-- RAW DATA --
■ ■ ■ ■ ■

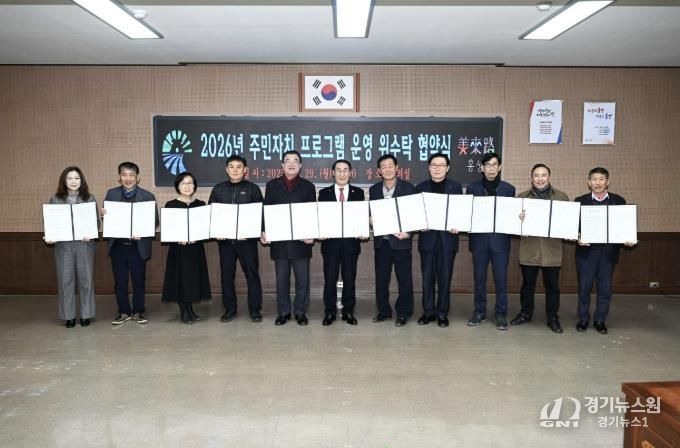 [경기뉴스원/경기뉴스1] | 홍성군은 지난 29일 군청 회의실에서 김노성 홍성군주민자치협의회장을 비롯한 11개 읍‧면 주민자치회장이 참석한 가운데 ‘2026년 주민자치센터 프로그램 운영 위‧수탁 협약식’을 개최했다.
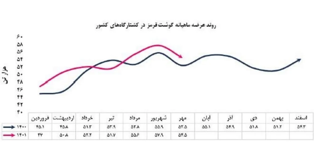 بر اساس نمودار (۱) تولید گوشت قرمز در ماههای سال ۱۴۰۱ در مقایسه با سال ۱۴۰۰(بهاستثنای تیرماه)، بیشتر بوده است.
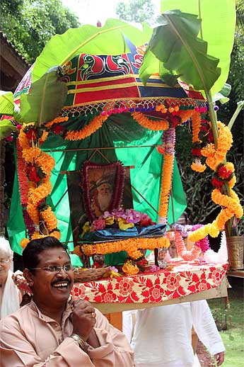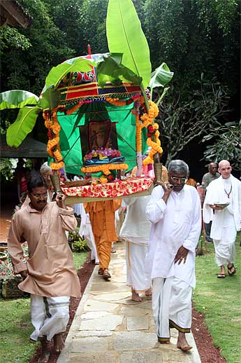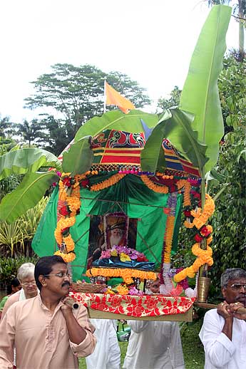 Out devotees carry the palanquin with Gurudeva's sandals and a photo.

■ ■ ■ ■ ■

-- TASK INSTRUCTIONS --
A faithful, word-for-word copy of the data is needed; the pictures should not appear in it.

-- RESPONSE TO THE EXERCISE --
 [경기뉴스원/경기뉴스1] | 홍성군은 지난 29일 군청 회의실에서 김노성 홍성군주민자치협의회장을 비롯한 11개 읍‧면 주민자치회장이 참석한 가운데 ‘2026년 주민자치센터 프로그램 운영 위‧수탁 협약식’을 개최했다.
 بر اساس نمودار (۱) تولید گوشت قرمز در ماههای سال ۱۴۰۱ در مقایسه با سال ۱۴۰۰(بهاستثنای تیرماه)، بیشتر بوده است.
 Out devotees carry the palanquin with Gurudeva's sandals and a photo.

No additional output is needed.